For others, there may not be any obvious trigger as to why they are finding some aspects of school and/or home life difficult.

As well as offering new ways of dealing with challenging behaviour, THRIVE also offers both teaching staff and parents useful approaches to working with and helping any child who is experiencing emotional upheaval, whether short or long term. This is not a quick-fix; it takes time and commitment to see results. However, from research it is clear that early intervention to support children’s needs is the most effective approach to preventing issues becoming more problematic in later life.

How do you know if my child needs support?

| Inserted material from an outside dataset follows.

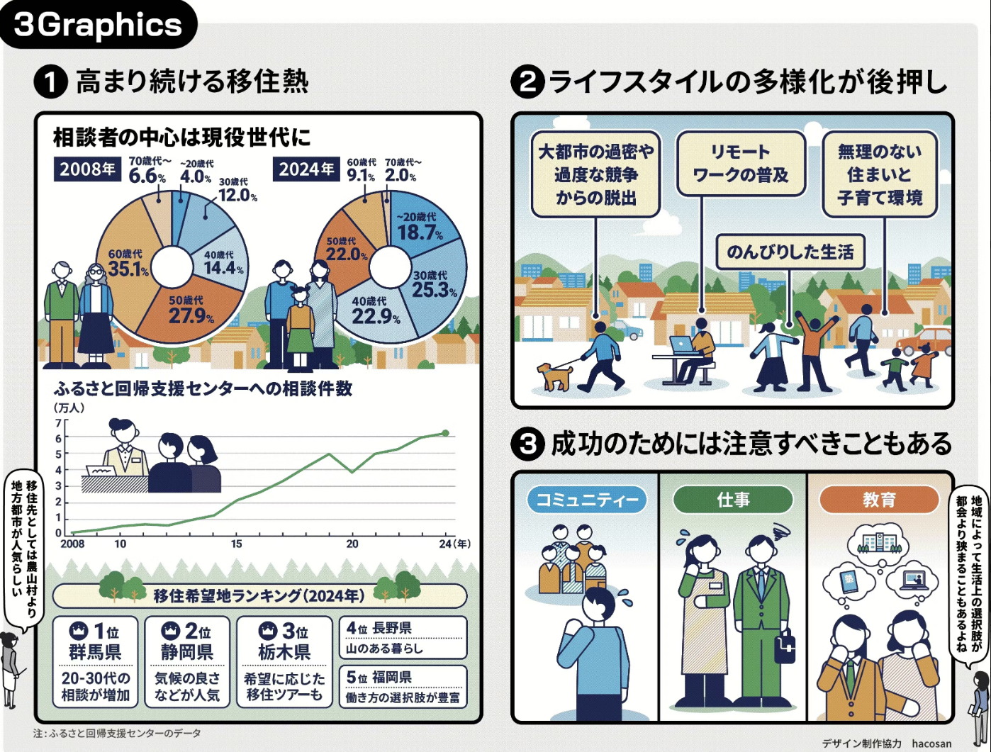しかも、相談者の約7割が40代以下の現役世代。昔はおじいちゃんのセカンドライフってイメージだったけど、今はうちら世代が「自分らしい生き方」を探して地方に目を向けてるってワケ!

A THRIVE assessment helps us to identify emotional developmental needs as early as possible, in order to support and meet those needs on an individual basis. Each year, children are assessed at a whole class level (the assessment isn't a test, it is based on evidence from what we see children do every day).

The assessment then helps us to identify areas for whole-class intervention, group intervention and those who need bespoke support on an individual basis.

What happens if my child needs bespoke support?

A THRIVE Action Plan is a plan of activities tailored to support a child’s identified social and emotional learning targets. The activities are one-to-one and small group play and arts-based activities designed to help the child feel better about themselves; become more resilient and resourceful; form trusting, rewarding relationships; be compassionate and empathetic; and/or  be able to overcome difficulties and setbacks.

Activities might include playing in the sand, cooking, painting, model making, exploring difficult situations through role-play or comic strips, playing strategy games or projects focusing on the child’s own interests. 

Action Plans are shared with parents who are encouraged to do some of the activities at home with their child. 

Action Plans are reviewed regularly to monitor the progress children have made.